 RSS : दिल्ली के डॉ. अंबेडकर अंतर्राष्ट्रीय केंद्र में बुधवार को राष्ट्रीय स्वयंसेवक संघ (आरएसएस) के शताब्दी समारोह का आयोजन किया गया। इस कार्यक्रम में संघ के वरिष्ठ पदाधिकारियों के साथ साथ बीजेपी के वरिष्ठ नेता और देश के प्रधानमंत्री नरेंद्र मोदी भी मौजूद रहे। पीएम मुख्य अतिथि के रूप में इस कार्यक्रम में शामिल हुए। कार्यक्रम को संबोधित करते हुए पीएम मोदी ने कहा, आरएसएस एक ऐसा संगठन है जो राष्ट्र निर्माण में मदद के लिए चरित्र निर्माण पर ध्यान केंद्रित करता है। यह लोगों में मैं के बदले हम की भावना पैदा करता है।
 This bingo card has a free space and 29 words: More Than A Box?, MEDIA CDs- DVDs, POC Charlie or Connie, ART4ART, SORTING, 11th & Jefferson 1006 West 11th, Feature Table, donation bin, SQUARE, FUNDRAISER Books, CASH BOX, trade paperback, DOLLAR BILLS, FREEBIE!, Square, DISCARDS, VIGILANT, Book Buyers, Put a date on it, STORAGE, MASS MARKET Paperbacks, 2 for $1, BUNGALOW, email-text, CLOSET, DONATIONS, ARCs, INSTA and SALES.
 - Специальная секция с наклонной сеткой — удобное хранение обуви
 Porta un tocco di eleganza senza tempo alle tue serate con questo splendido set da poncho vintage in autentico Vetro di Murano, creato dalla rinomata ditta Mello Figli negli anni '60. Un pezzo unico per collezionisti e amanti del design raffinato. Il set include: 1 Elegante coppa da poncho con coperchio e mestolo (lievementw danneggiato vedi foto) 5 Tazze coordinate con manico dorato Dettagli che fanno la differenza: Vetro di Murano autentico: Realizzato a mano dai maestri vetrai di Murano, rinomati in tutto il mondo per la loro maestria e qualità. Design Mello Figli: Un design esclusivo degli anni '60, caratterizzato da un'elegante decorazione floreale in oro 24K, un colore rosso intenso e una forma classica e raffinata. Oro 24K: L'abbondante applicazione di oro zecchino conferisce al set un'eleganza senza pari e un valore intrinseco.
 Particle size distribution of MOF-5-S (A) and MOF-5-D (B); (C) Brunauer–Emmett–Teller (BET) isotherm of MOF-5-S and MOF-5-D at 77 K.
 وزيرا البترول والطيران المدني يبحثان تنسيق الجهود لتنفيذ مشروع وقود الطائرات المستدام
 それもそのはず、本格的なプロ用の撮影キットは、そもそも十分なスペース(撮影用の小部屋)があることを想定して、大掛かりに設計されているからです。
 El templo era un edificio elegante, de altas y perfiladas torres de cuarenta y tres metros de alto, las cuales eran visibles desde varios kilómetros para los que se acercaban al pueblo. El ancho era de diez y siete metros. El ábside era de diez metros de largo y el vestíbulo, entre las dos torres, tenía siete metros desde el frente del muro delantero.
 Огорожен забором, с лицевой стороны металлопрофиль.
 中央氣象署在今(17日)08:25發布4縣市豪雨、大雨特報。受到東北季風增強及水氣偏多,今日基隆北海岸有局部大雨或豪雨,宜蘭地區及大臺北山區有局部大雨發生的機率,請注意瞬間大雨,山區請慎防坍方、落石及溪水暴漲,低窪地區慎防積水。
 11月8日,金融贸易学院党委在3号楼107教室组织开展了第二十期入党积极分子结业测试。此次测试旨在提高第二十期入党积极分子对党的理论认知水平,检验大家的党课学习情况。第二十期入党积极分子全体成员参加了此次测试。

● ● ● ● ●

Activity -
Restate the material above word for word, leaving nothing out.

Output below -
 RSS : दिल्ली के डॉ. अंबेडकर अंतर्राष्ट्रीय केंद्र में बुधवार को राष्ट्रीय स्वयंसेवक संघ (आरएसएस) के शताब्दी समारोह का आयोजन किया गया। इस कार्यक्रम में संघ के वरिष्ठ पदाधिकारियों के साथ साथ बीजेपी के वरिष्ठ नेता और देश के प्रधानमंत्री नरेंद्र मोदी भी मौजूद रहे। पीएम मुख्य अतिथि के रूप में इस कार्यक्रम में शामिल हुए। कार्यक्रम को संबोधित करते हुए पीएम मोदी ने कहा, आरएसएस एक ऐसा संगठन है जो राष्ट्र निर्माण में मदद के लिए चरित्र निर्माण पर ध्यान केंद्रित करता है। यह लोगों में मैं के बदले हम की भावना पैदा करता है।
 This bingo card has a free space and 29 words: More Than A Box?, MEDIA CDs- DVDs, POC Charlie or Connie, ART4ART, SORTING, 11th & Jefferson 1006 West 11th, Feature Table, donation bin, SQUARE, FUNDRAISER Books, CASH BOX, trade paperback, DOLLAR BILLS, FREEBIE!, Square, DISCARDS, VIGILANT, Book Buyers, Put a date on it, STORAGE, MASS MARKET Paperbacks, 2 for $1, BUNGALOW, email-text, CLOSET, DONATIONS, ARCs, INSTA and SALES.
 - Специальная секция с наклонной сеткой — удобное хранение обуви
 Porta un tocco di eleganza senza tempo alle tue serate con questo splendido set da poncho vintage in autentico Vetro di Murano, creato dalla rinomata ditta Mello Figli negli anni '60. Un pezzo unico per collezionisti e amanti del design raffinato. Il set include: 1 Elegante coppa da poncho con coperchio e mestolo (lievementw danneggiato vedi foto) 5 Tazze coordinate con manico dorato Dettagli che fanno la differenza: Vetro di Murano autentico: Realizzato a mano dai maestri vetrai di Murano, rinomati in tutto il mondo per la loro maestria e qualità. Design Mello Figli: Un design esclusivo degli anni '60, caratterizzato da un'elegante decorazione floreale in oro 24K, un colore rosso intenso e una forma classica e raffinata. Oro 24K: L'abbondante applicazione di oro zecchino conferisce al set un'eleganza senza pari e un valore intrinseco.
 Particle size distribution of MOF-5-S (A) and MOF-5-D (B); (C) Brunauer–Emmett–Teller (BET) isotherm of MOF-5-S and MOF-5-D at 77 K.
 وزيرا البترول والطيران المدني يبحثان تنسيق الجهود لتنفيذ مشروع وقود الطائرات المستدام
 それもそのはず、本格的なプロ用の撮影キットは、そもそも十分なスペース(撮影用の小部屋)があることを想定して、大掛かりに設計されているからです。
 El templo era un edificio elegante, de altas y perfiladas torres de cuarenta y tres metros de alto, las cuales eran visibles desde varios kilómetros para los que se acercaban al pueblo. El ancho era de diez y siete metros. El ábside era de diez metros de largo y el vestíbulo, entre las dos torres, tenía siete metros desde el frente del muro delantero.
 Огорожен забором, с лицевой стороны металлопрофиль.
 中央氣象署在今(17日)08:25發布4縣市豪雨、大雨特報。受到東北季風增強及水氣偏多,今日基隆北海岸有局部大雨或豪雨,宜蘭地區及大臺北山區有局部大雨發生的機率,請注意瞬間大雨,山區請慎防坍方、落石及溪水暴漲,低窪地區慎防積水。
 11月8日,金融贸易学院党委在3号楼107教室组织开展了第二十期入党积极分子结业测试。此次测试旨在提高第二十期入党积极分子对党的理论认知水平,检验大家的党课学习情况。第二十期入党积极分子全体成员参加了此次测试。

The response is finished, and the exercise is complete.